* [WORK ITEM] Retype the records below exactly as they stand, omitting the pictures.

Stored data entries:
----

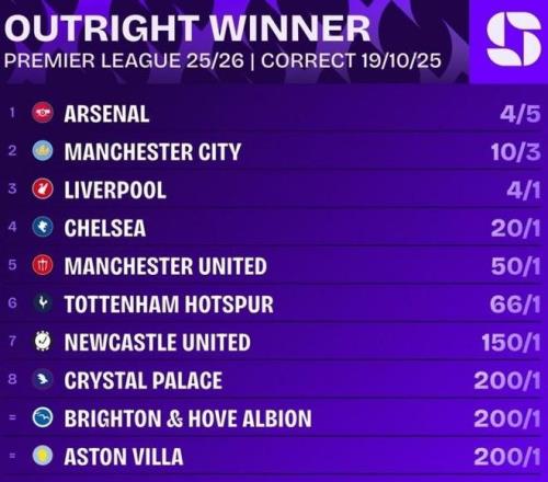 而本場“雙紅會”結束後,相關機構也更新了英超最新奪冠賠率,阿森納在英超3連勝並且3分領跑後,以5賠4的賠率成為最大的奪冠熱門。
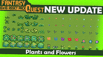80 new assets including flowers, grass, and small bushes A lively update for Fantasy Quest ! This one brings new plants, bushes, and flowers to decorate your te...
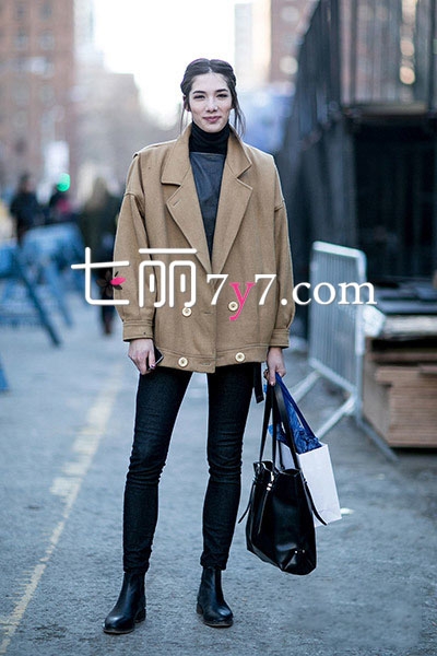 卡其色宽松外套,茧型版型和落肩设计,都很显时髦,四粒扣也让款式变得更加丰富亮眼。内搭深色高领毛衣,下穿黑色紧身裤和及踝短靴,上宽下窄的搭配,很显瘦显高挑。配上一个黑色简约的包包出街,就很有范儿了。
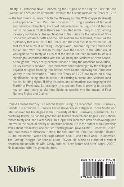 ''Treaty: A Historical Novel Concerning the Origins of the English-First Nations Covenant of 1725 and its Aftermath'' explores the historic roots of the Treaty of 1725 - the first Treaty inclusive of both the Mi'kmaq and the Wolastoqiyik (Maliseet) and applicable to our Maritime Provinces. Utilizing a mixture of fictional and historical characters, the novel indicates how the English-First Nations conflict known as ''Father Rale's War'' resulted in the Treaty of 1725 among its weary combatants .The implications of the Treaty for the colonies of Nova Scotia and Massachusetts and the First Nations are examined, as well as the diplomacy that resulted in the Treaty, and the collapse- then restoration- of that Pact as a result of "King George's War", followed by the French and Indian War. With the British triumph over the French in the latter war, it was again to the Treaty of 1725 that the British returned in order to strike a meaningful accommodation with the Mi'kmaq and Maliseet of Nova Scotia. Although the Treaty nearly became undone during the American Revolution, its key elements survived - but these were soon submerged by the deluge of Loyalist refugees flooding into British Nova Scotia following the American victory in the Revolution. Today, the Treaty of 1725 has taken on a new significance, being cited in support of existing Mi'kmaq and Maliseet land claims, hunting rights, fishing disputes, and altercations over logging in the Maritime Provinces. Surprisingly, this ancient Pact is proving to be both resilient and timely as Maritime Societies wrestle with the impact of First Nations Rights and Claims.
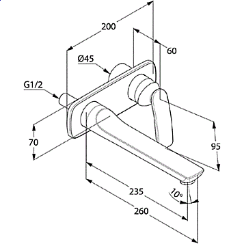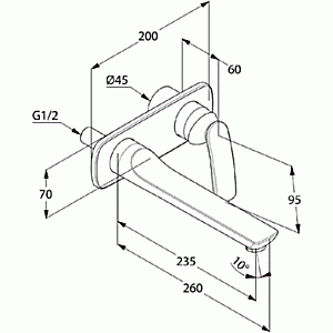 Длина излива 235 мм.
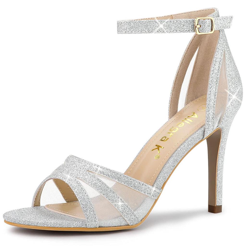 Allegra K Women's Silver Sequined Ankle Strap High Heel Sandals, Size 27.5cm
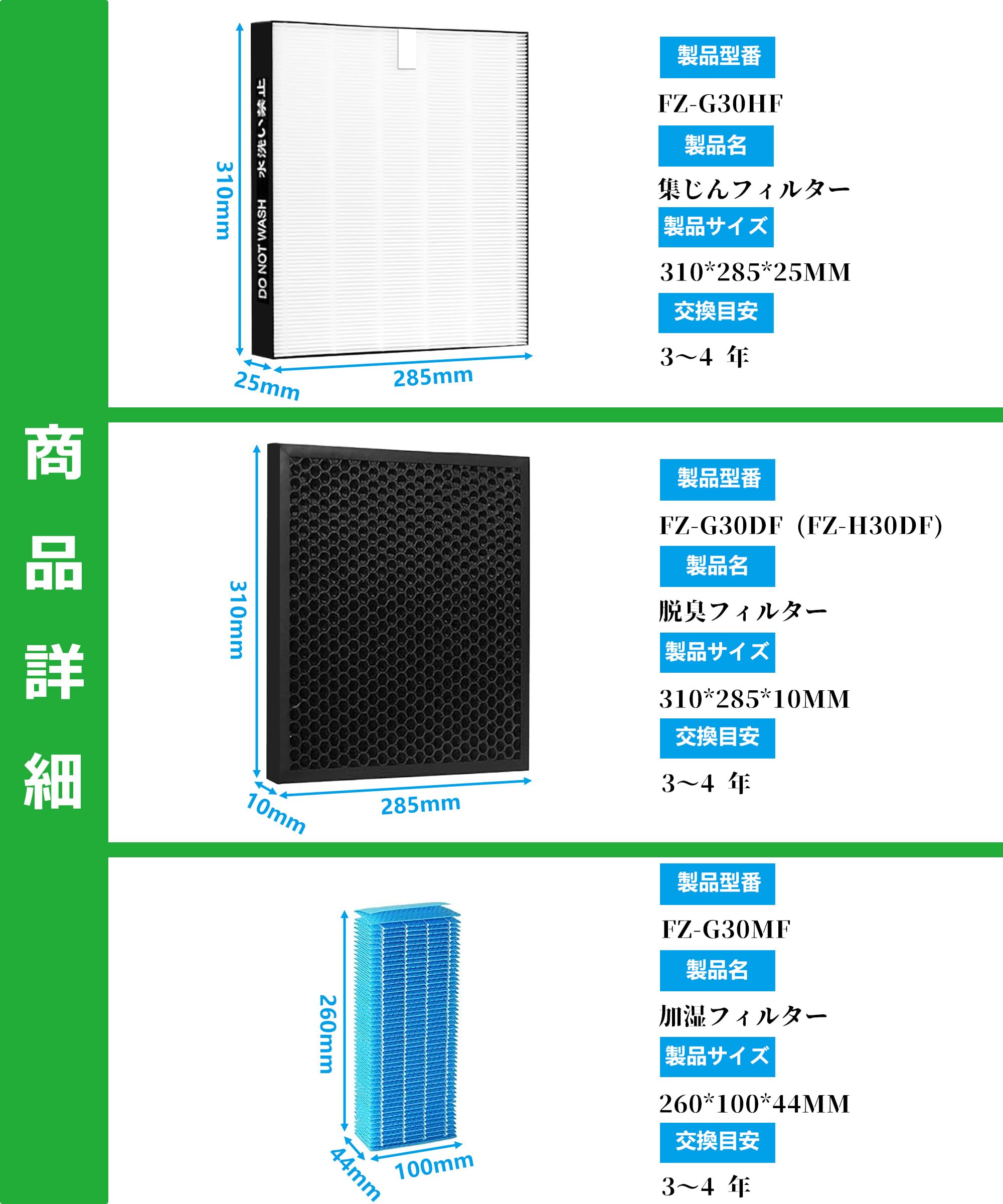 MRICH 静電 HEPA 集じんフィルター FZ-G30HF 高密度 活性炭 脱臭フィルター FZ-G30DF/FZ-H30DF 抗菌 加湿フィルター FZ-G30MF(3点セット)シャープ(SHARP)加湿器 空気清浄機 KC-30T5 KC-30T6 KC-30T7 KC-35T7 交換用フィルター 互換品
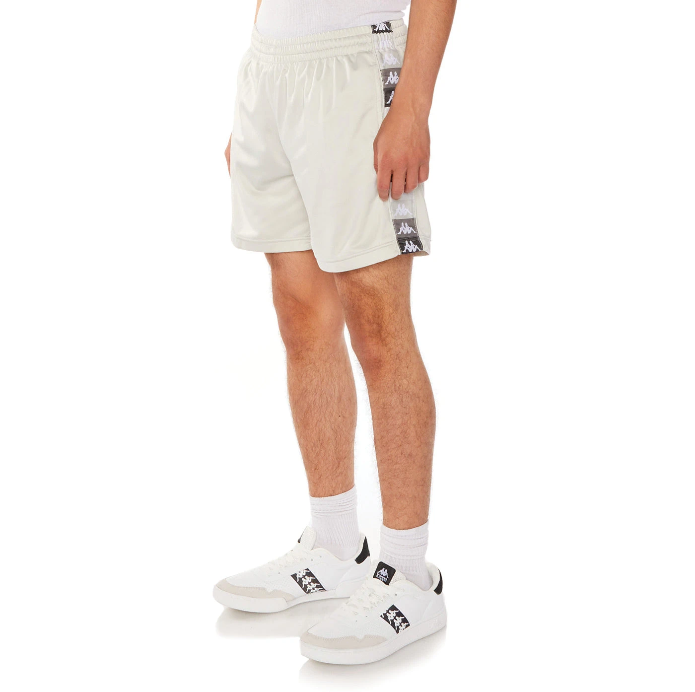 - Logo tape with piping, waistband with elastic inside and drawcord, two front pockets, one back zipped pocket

----

* [SOLUTION TO THE PROBLEM]
 而本場“雙紅會”結束後,相關機構也更新了英超最新奪冠賠率,阿森納在英超3連勝並且3分領跑後,以5賠4的賠率成為最大的奪冠熱門。
80 new assets including flowers, grass, and small bushes A lively update for Fantasy Quest ! This one brings new plants, bushes, and flowers to decorate your te...
 卡其色宽松外套,茧型版型和落肩设计,都很显时髦,四粒扣也让款式变得更加丰富亮眼。内搭深色高领毛衣,下穿黑色紧身裤和及踝短靴,上宽下窄的搭配,很显瘦显高挑。配上一个黑色简约的包包出街,就很有范儿了。
 ''Treaty: A Historical Novel Concerning the Origins of the English-First Nations Covenant of 1725 and its Aftermath'' explores the historic roots of the Treaty of 1725 - the first Treaty inclusive of both the Mi'kmaq and the Wolastoqiyik (Maliseet) and applicable to our Maritime Provinces. Utilizing a mixture of fictional and historical characters, the novel indicates how the English-First Nations conflict known as ''Father Rale's War'' resulted in the Treaty of 1725 among its weary combatants .The implications of the Treaty for the colonies of Nova Scotia and Massachusetts and the First Nations are examined, as well as the diplomacy that resulted in the Treaty, and the collapse- then restoration- of that Pact as a result of "King George's War", followed by the French and Indian War. With the British triumph over the French in the latter war, it was again to the Treaty of 1725 that the British returned in order to strike a meaningful accommodation with the Mi'kmaq and Maliseet of Nova Scotia. Although the Treaty nearly became undone during the American Revolution, its key elements survived - but these were soon submerged by the deluge of Loyalist refugees flooding into British Nova Scotia following the American victory in the Revolution. Today, the Treaty of 1725 has taken on a new significance, being cited in support of existing Mi'kmaq and Maliseet land claims, hunting rights, fishing disputes, and altercations over logging in the Maritime Provinces. Surprisingly, this ancient Pact is proving to be both resilient and timely as Maritime Societies wrestle with the impact of First Nations Rights and Claims.
 Длина излива 235 мм.
 Allegra K Women's Silver Sequined Ankle Strap High Heel Sandals, Size 27.5cm
 MRICH 静電 HEPA 集じんフィルター FZ-G30HF 高密度 活性炭 脱臭フィルター FZ-G30DF/FZ-H30DF 抗菌 加湿フィルター FZ-G30MF(3点セット)シャープ(SHARP)加湿器 空気清浄機 KC-30T5 KC-30T6 KC-30T7 KC-35T7 交換用フィルター 互換品
 - Logo tape with piping, waistband with elastic inside and drawcord, two front pockets, one back zipped pocket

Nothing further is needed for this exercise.